Source records
----
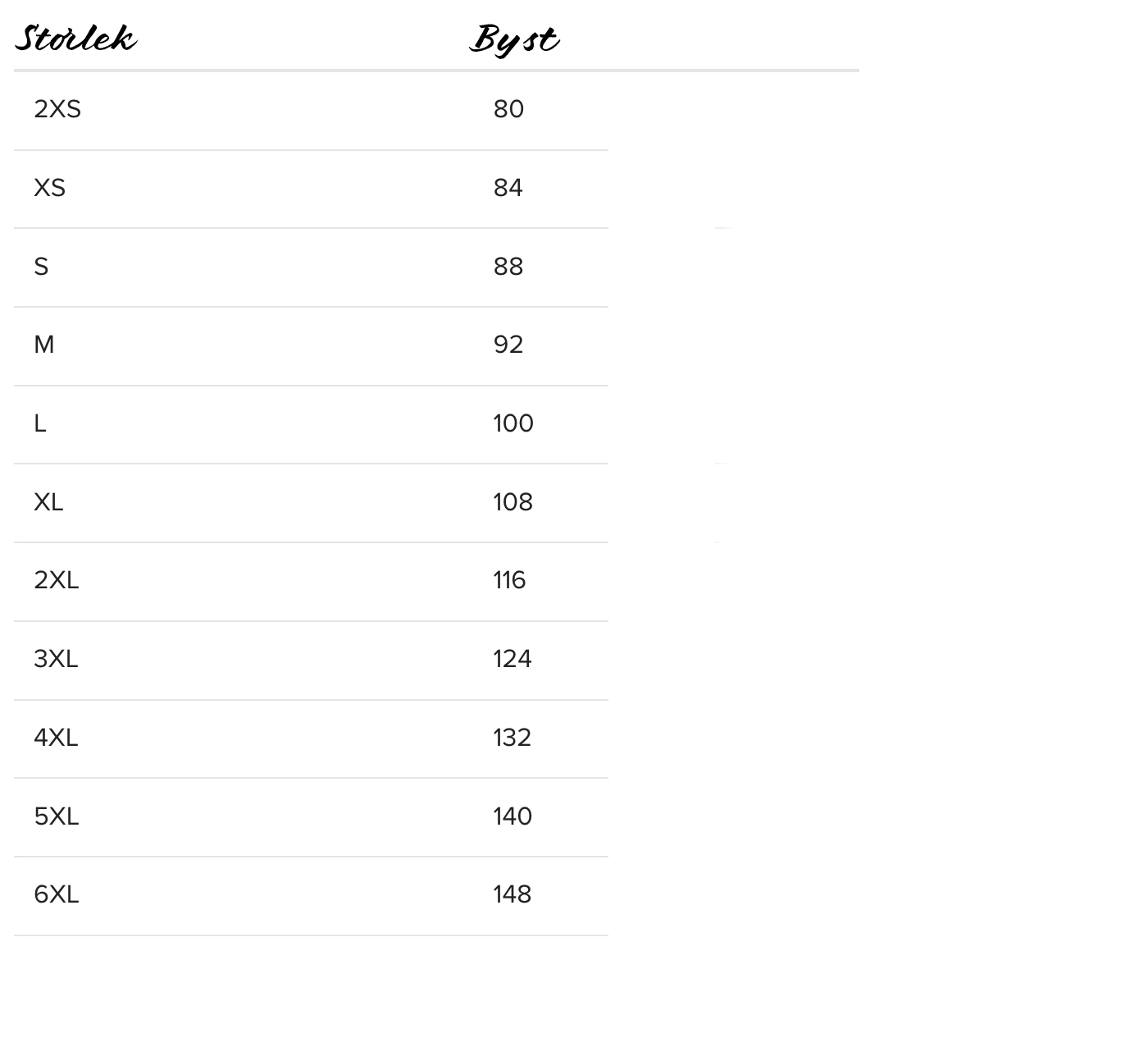 Storlekstabell - kroppsmått i centimeter
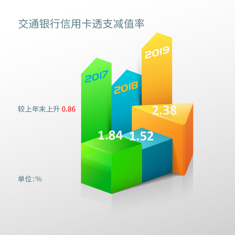 截至报告期末,交通银行信用卡透支减值率为2.38 %,较上年末上升0.86%,截至2018年末交通银行信用卡透支减值率为1.52%,截至2017年末交通银行信用卡透支减值率为1.84%。
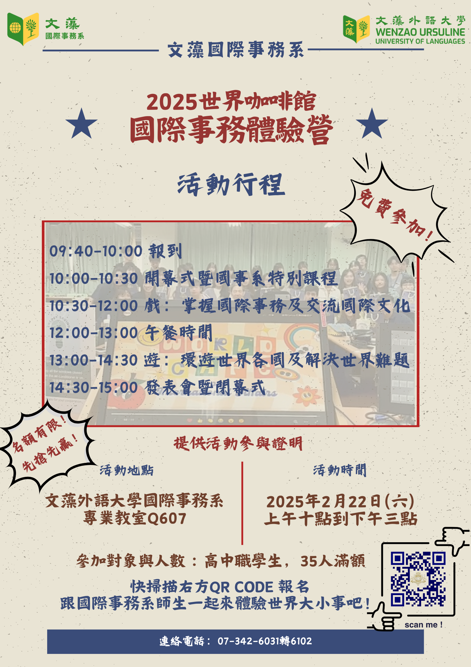 (四)活動費用:免費,與本校國際事務系師生來體驗世界大 小事。
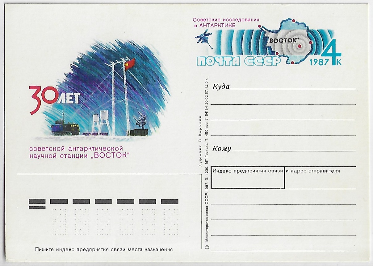 | 82350 | URSS, 1987, inteiro postal tipo bilhete alusivo a Estação de pesquisa antártica soviética VOSTOK, Polo Sul, Mapa, sem uso | 10,00 | Foto |
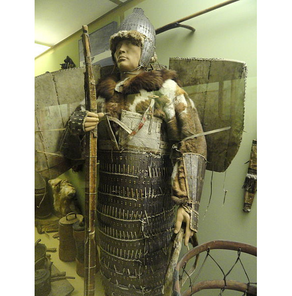 Воинские доспехи и сухожильный лук чукчи, XIX век. Экспонат Американского музея естественной истории, Манхэттен, Нью-Йорк, США
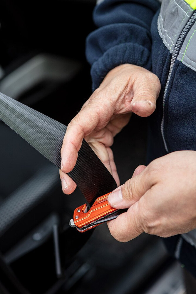 Rękojeść z klipsem do przenoszenia noża wykonano z anodowanego aluminium, jest trwała i odporna na korozję. Specjalne ostrze- przecinak w rękojeści, umożliwia przecięcie pasa, linki.
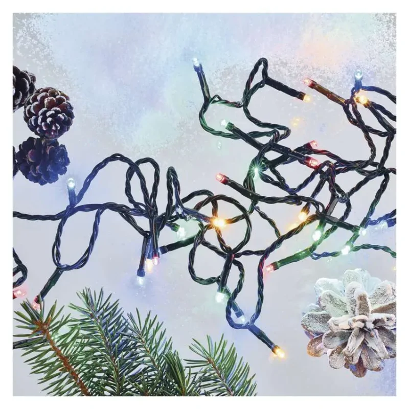 Multikolorowe lampki choinkowe D4AM01 producenta EMOS, to niezastąpiony element świąt Bożego narodzenia. Rozświetlą przestrzeń delikatnym ale efektownym światłem, tworząc nietuzinkowy klimat. Światełka dekoracyjne nadają się do zamontowania zarówno w pomieszczeniach, jak i na zewnątrz, dzięki wysokiemu stopniowi ochrony IP44. Zielony łańcuch o długości 4 metrów, wtopi się w drzewko, dzięki czemu jedynie będzie widocznych 40 sztuk wbudowanych diod LED o kolorowym świetle. Jest to energooszczędna propozycja dekoracyjna oświetleniowa, która świeci o mocy 3,6W. Funkcja timeru z pewnością Cię przekona, po aktywacji łańcuch powtarzalnie świeci przez 6 godzin, a następnie wyłącza się na 18 godzin. Polecamy zapoznać się z cała rozbudowaną świąteczną serią od marki EMOS.
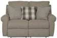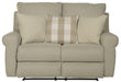 The WESTPORT power lay flat reclining loveseat features a Farmhouse Casual style with its Greek Key arm treatment, soft body fabric, and included accent pillows.
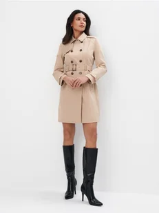 Płaszcz typu trencz w beżowym kolorze. Posiada dwurzędowe zapięcie na guziki oraz pasek w talii.
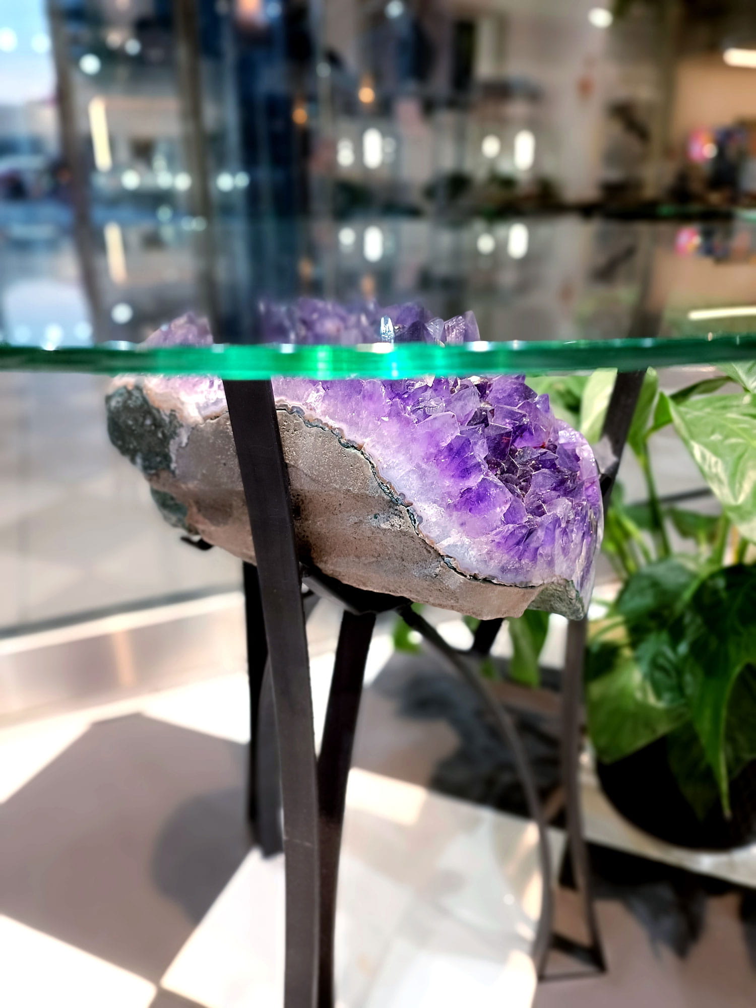 Odkryj prawdziwy klejnot wnętrzarski – niepowtarzalny stolik kawowy, którego sercem jest naturalna druza ametystowa, sprowadzona prosto z Brazylii. Ten wyjątkowy mebel zachwyca nie tylko surowym pięknem fioletowego ametystu, ale i mistrzowskim połączeniem natury z industrialnym designem.
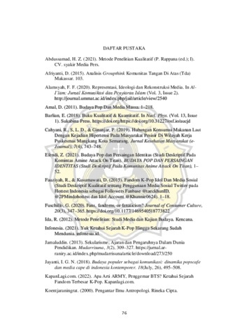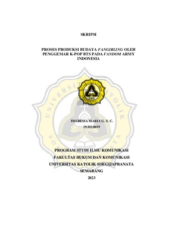 MARIA G. S. C., THERESIA (2023) PROSES PRODUKSI BUDAYA FANGIRLING OLEH PENGGEMAR K-POP BTS PADA FANDOM ARMY INDONESIA. Other thesis, Universitas Katolik Soegijapranata Semarang.
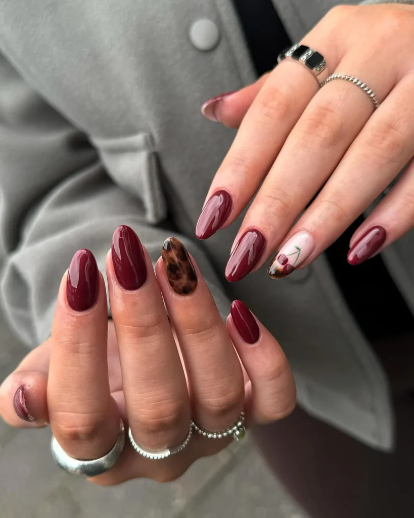 Dramatic and stylish, these nails showcase deep glossy burgundy enhanced by bold accents. One nail displays a tortoiseshell pattern, adding warmth and depth, while another features a dainty cherry branch painted over a nude base. The glossy burgundy captures the richness of autumn evenings, while the accents add artistry and individuality.
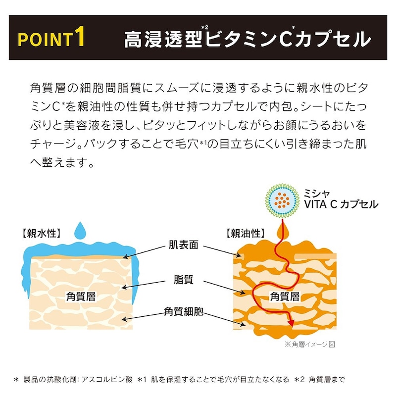 成分が角質層へスムーズに浸透するよう、ビタミンCをカプセルで内包している点が特長です。
----
● **Problem description**
Once the line with "截至报告期末,交通银行信用卡" is found in the data above, reproduce it and each line after it exactly, through the line with "MARIA G. S.". Omit the pictures.

● **Result for this exercise**
 截至报告期末,交通银行信用卡透支减值率为2.38 %,较上年末上升0.86%,截至2018年末交通银行信用卡透支减值率为1.52%,截至2017年末交通银行信用卡透支减值率为1.84%。
 (四)活動費用:免費,與本校國際事務系師生來體驗世界大 小事。
 | 82350 | URSS, 1987, inteiro postal tipo bilhete alusivo a Estação de pesquisa antártica soviética VOSTOK, Polo Sul, Mapa, sem uso | 10,00 | Foto |
 Воинские доспехи и сухожильный лук чукчи, XIX век. Экспонат Американского музея естественной истории, Манхэттен, Нью-Йорк, США
 Rękojeść z klipsem do przenoszenia noża wykonano z anodowanego aluminium, jest trwała i odporna na korozję. Specjalne ostrze- przecinak w rękojeści, umożliwia przecięcie pasa, linki.
 Multikolorowe lampki choinkowe D4AM01 producenta EMOS, to niezastąpiony element świąt Bożego narodzenia. Rozświetlą przestrzeń delikatnym ale efektownym światłem, tworząc nietuzinkowy klimat. Światełka dekoracyjne nadają się do zamontowania zarówno w pomieszczeniach, jak i na zewnątrz, dzięki wysokiemu stopniowi ochrony IP44. Zielony łańcuch o długości 4 metrów, wtopi się w drzewko, dzięki czemu jedynie będzie widocznych 40 sztuk wbudowanych diod LED o kolorowym świetle. Jest to energooszczędna propozycja dekoracyjna oświetleniowa, która świeci o mocy 3,6W. Funkcja timeru z pewnością Cię przekona, po aktywacji łańcuch powtarzalnie świeci przez 6 godzin, a następnie wyłącza się na 18 godzin. Polecamy zapoznać się z cała rozbudowaną świąteczną serią od marki EMOS.
 The WESTPORT power lay flat reclining loveseat features a Farmhouse Casual style with its Greek Key arm treatment, soft body fabric, and included accent pillows.
 Płaszcz typu trencz w beżowym kolorze. Posiada dwurzędowe zapięcie na guziki oraz pasek w talii.
 Odkryj prawdziwy klejnot wnętrzarski – niepowtarzalny stolik kawowy, którego sercem jest naturalna druza ametystowa, sprowadzona prosto z Brazylii. Ten wyjątkowy mebel zachwyca nie tylko surowym pięknem fioletowego ametystu, ale i mistrzowskim połączeniem natury z industrialnym designem.
 MARIA G. S. C., THERESIA (2023) PROSES PRODUKSI BUDAYA FANGIRLING OLEH PENGGEMAR K-POP BTS PADA FANDOM ARMY INDONESIA. Other thesis, Universitas Katolik Soegijapranata Semarang.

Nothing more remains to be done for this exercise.